The Palestinian group has not definitively rejected the proposal, but has said it backtracks from areas previously agreed and has accused Israel and its US ally of spinning out the negotiations process in bad faith. 

In Egypt, Blinken was meeting Sisi, whose country has been helping mediate the on-off Gaza talks for months along with the US and Qatar. 

At stake is the fate of tiny, crowded Gaza, where Israel's military campaign has killed more than 40,000 people since October according to Palestinian health authorities, and of the remaining hostages being held there. 

The war in Gaza began on Oct. 7, 2023, when Hamas gunmen stormed into Israeli communities, killing around 1,200 people and abducting about 250 hostages, according to Israeli tallies. 

On Tuesday, Israel's military said it had recovered the bodies of six hostages from southern Gaza, adding that 109 hostages remained in the Palestinian territory, of whom Israel around a third are believed already to be dead. 

In Gaza, Israeli forces battled Hamas-led fighters in central and southern areas, and Palestinian health authorities said at least 12 people had been killed early on Tuesday in Israeli strikes, including on a school housing displaced people. 

Israel's military said it had struck militants in a Hamas center embedded in the school. 

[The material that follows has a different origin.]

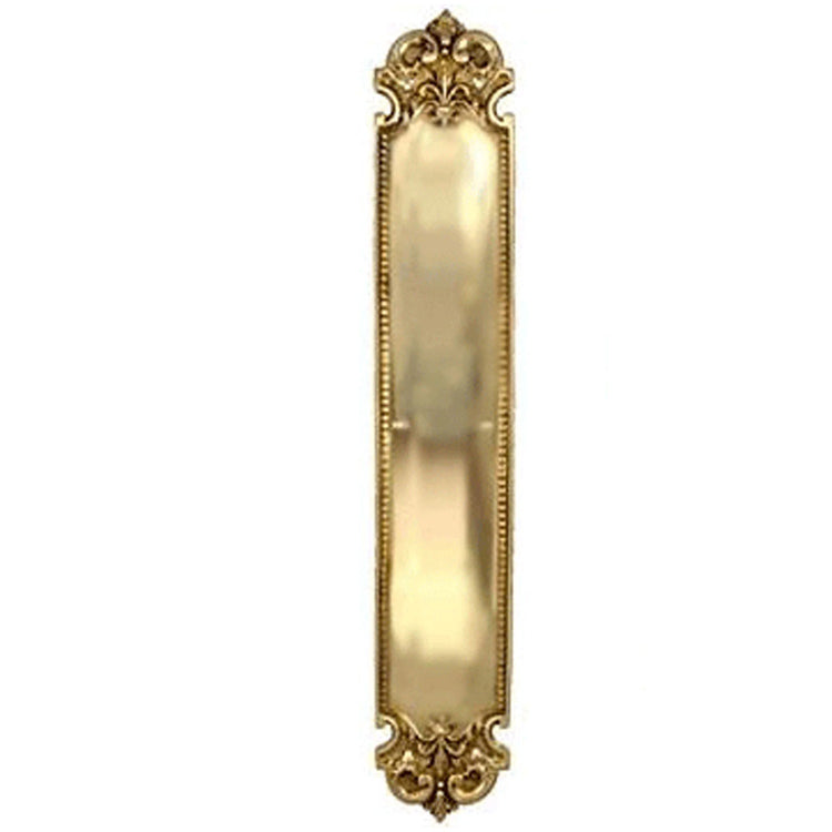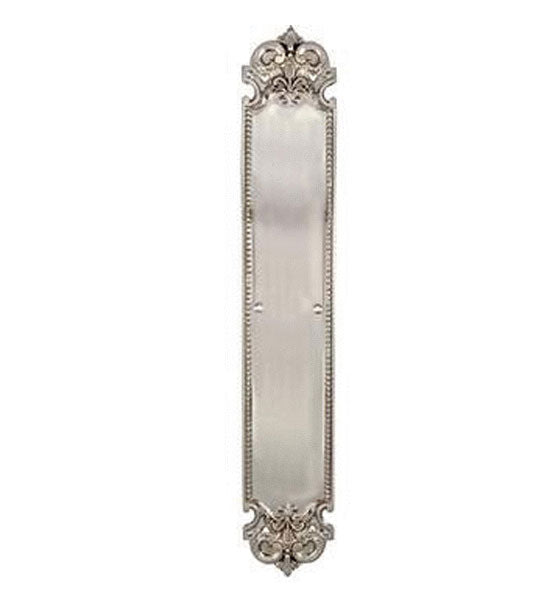 Fleur-De-Lis Style Door Push & Plate. Measures 3 Inches wide by 18 Inches tall. Solid Brass construction for decades of service. Comes complete with mounting hardware.
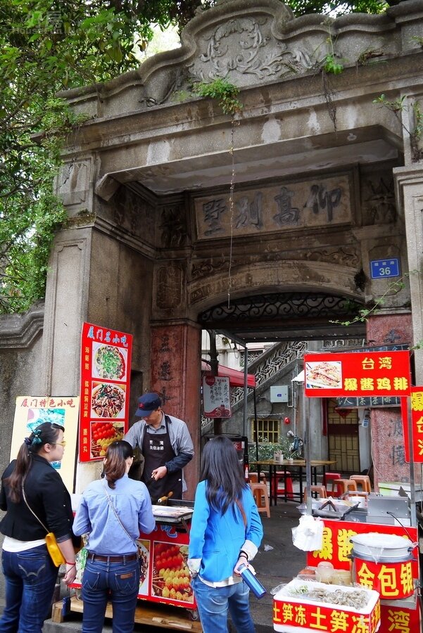 在鼓浪嶼百年別墅前看到小販販售台灣為名的炸雞排小吃,頗有時空倒錯之感。

Gaza's Hamas-run health ministry said on Tuesday it was still waiting for polio vaccines to arrive after the disease was discovered in the territory, where most people now live in tents or shelters without proper sanitation. It echoed a call by the UN last week for a ceasefire to allow the vaccination campaign. 

PROPOSAL 

Blinken has called the latest push for a deal "probably the best, possibly the last opportunity", and said his meeting with Netanyahu was constructive, adding it was incumbent on Hamas to accept the bridging proposal. 

US officials have not spelled out what is in the proposal or how it differs from previous versions. "There are questions of implementation and making sure that it's clearly understood what each side will do to carry out its commitments," Blinken said on Monday. 

Senior Hamas official Osama Hamdan criticized the latest developments, saying the US bridging proposal that Netanyahu accepted raised ambiguities because it was different from what the group had previously agreed. 

Months of on-off talks have circled the same issues, with Israel saying the war can only end with the destruction of Hamas as a military and political force and Hamas saying it will only accept a permanent, not temporary, ceasefire. 

There are disagreements over Israel's continued military presence inside Gaza, particularly along the border with Egypt, the free movement of Palestinians inside the territory, and the identity and number of prisoners to be freed in a swap. 

Egypt is particularly focused on a security mechanism for the Philadelphi Corridor, the narrow border strip between Egypt and Gaza that Israeli forces seized in May. 

Both Hamas and Egypt are opposed to Israel keeping troops there, but Netanyahu has said they are needed on the border to stop weapons being smuggled into Gaza. 

Egyptian security sources said the US has proposed an international presence in the area, a suggestion the sources said could be acceptable to Cairo if it was limited to a maximum of six months.